> **Data for review**:
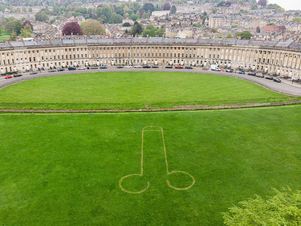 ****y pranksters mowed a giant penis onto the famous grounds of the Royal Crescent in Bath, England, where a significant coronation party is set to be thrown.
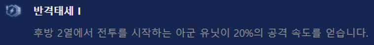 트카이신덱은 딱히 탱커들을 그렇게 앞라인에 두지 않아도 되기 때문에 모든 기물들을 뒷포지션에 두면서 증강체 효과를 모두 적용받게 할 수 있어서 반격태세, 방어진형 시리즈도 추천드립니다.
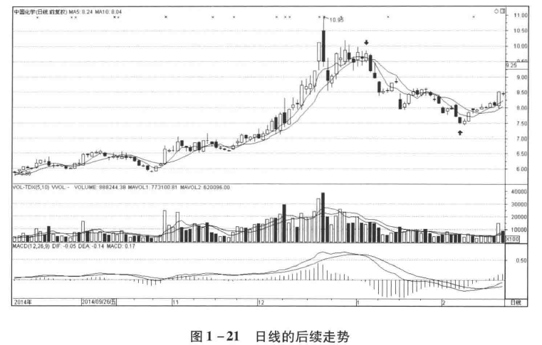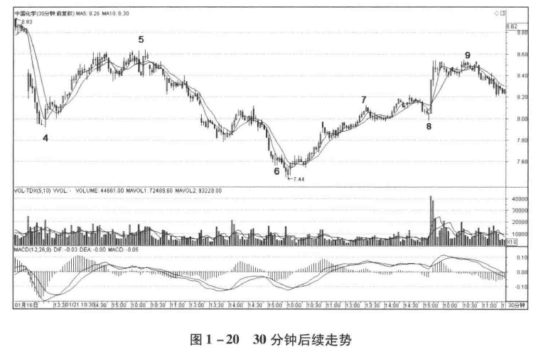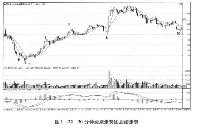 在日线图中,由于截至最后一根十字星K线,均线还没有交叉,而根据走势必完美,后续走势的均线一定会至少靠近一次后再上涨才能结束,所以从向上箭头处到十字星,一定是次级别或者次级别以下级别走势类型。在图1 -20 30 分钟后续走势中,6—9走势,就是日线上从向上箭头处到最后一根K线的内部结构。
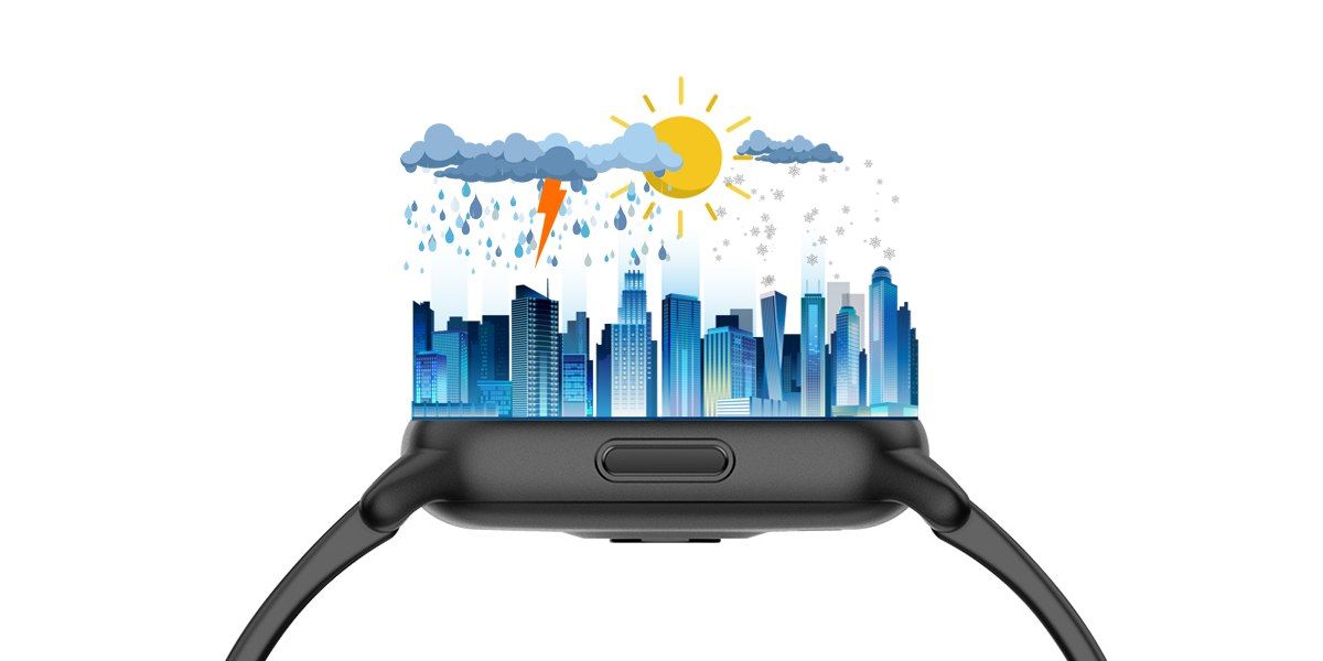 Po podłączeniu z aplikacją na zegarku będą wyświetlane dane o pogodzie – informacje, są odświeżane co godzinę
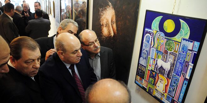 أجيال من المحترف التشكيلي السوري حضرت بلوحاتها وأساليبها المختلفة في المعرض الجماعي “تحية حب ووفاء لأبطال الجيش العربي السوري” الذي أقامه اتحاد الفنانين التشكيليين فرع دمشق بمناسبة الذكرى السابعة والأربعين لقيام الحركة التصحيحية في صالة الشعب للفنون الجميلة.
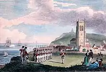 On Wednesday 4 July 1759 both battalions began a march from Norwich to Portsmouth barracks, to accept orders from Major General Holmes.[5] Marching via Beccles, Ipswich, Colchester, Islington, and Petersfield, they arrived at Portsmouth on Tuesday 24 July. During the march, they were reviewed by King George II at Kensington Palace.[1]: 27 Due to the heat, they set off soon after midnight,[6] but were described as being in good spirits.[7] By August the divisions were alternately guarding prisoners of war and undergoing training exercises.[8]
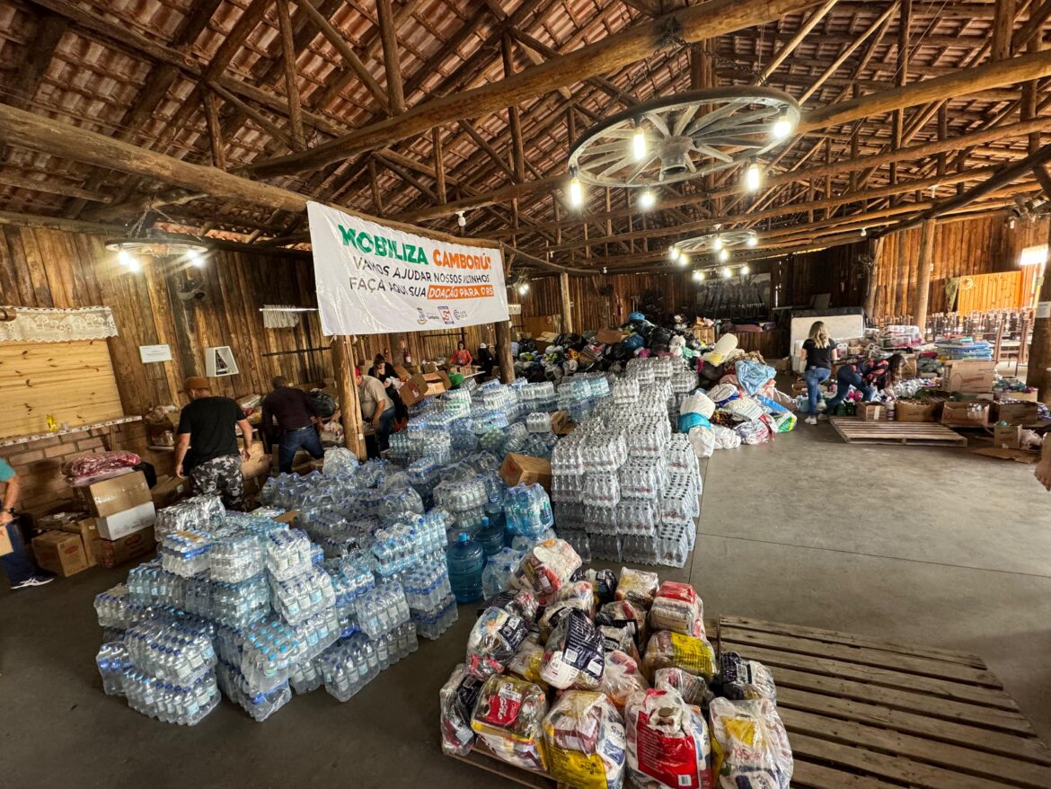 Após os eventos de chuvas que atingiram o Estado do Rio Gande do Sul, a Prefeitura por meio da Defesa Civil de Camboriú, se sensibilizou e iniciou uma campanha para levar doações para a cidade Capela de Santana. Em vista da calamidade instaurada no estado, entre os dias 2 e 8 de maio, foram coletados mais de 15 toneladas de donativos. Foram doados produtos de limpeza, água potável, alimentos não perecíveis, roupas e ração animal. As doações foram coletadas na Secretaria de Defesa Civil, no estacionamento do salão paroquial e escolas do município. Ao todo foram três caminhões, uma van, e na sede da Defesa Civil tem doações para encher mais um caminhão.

> **Exercise**: All lines from the one containing "Po podłączeniu z" to the end of the entries should appear in the output exactly as written, with no pictures.

> **Completed task**:
 Po podłączeniu z aplikacją na zegarku będą wyświetlane dane o pogodzie – informacje, są odświeżane co godzinę
 أجيال من المحترف التشكيلي السوري حضرت بلوحاتها وأساليبها المختلفة في المعرض الجماعي “تحية حب ووفاء لأبطال الجيش العربي السوري” الذي أقامه اتحاد الفنانين التشكيليين فرع دمشق بمناسبة الذكرى السابعة والأربعين لقيام الحركة التصحيحية في صالة الشعب للفنون الجميلة.
 On Wednesday 4 July 1759 both battalions began a march from Norwich to Portsmouth barracks, to accept orders from Major General Holmes.[5] Marching via Beccles, Ipswich, Colchester, Islington, and Petersfield, they arrived at Portsmouth on Tuesday 24 July. During the march, they were reviewed by King George II at Kensington Palace.[1]: 27 Due to the heat, they set off soon after midnight,[6] but were described as being in good spirits.[7] By August the divisions were alternately guarding prisoners of war and undergoing training exercises.[8]
 Após os eventos de chuvas que atingiram o Estado do Rio Gande do Sul, a Prefeitura por meio da Defesa Civil de Camboriú, se sensibilizou e iniciou uma campanha para levar doações para a cidade Capela de Santana. Em vista da calamidade instaurada no estado, entre os dias 2 e 8 de maio, foram coletados mais de 15 toneladas de donativos. Foram doados produtos de limpeza, água potável, alimentos não perecíveis, roupas e ração animal. As doações foram coletadas na Secretaria de Defesa Civil, no estacionamento do salão paroquial e escolas do município. Ao todo foram três caminhões, uma van, e na sede da Defesa Civil tem doações para encher mais um caminhão.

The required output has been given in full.